Saturday, November 22, 2008

The Stranger in Me

"South Boston, huh? You ever see Whitey?"
"Ha, no, never."
"You know who I'm talking about, right?"
"Of course, I do. Whitey Bulger. I'd be set if I saw him."
"You and me both."

This is a weird phenomenon, even for myself, but get me talking to some hardened Lowell cabbie and suddenly, I've got this accent from I don't know where and we're musing about Whitey. I don't even put on a Boston accent, 'cause that's not where I'm from, but I say Chelmsfuhd instead of Chelmsford, and talk about unions, laugh about turkeys, and remark on how the neighborhoods have changed.

In Scotland, it only took me two weeks to adopt and then drop the local intonations. In Taiwan, in Boston, I don't try to talk in a way that fits in, I don't shirk from using the vocabulary and sarcasm that defines me, I stand by and stand out by my words.
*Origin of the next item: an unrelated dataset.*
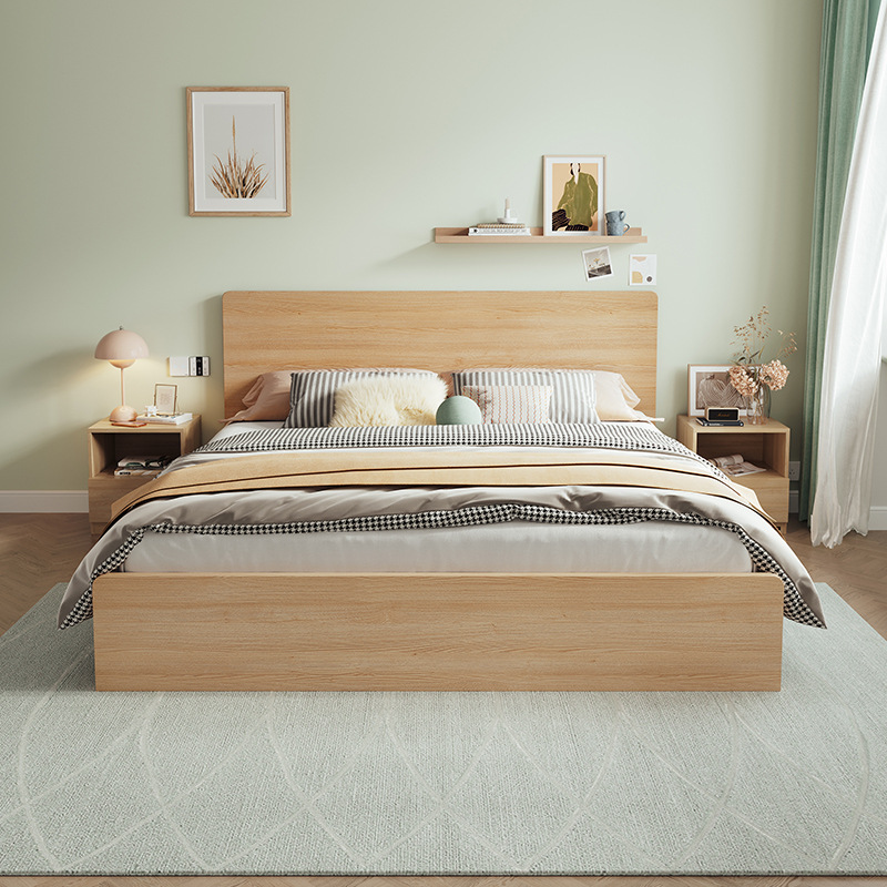 原木风板式床现代简约双人床1.5米单人床小户型省空间床

But get me close to home and talking with locals who've been there all their lives and I start talking like someone I'm not, but a character I've studied for fifteen years. I don't know why, maybe I'm being patronizing and think he'd find Regular Me too removed from his world, maybe I'm compensating because I know how xenophobic old timers are, or maybe, it's just fun to feel like a native sometime.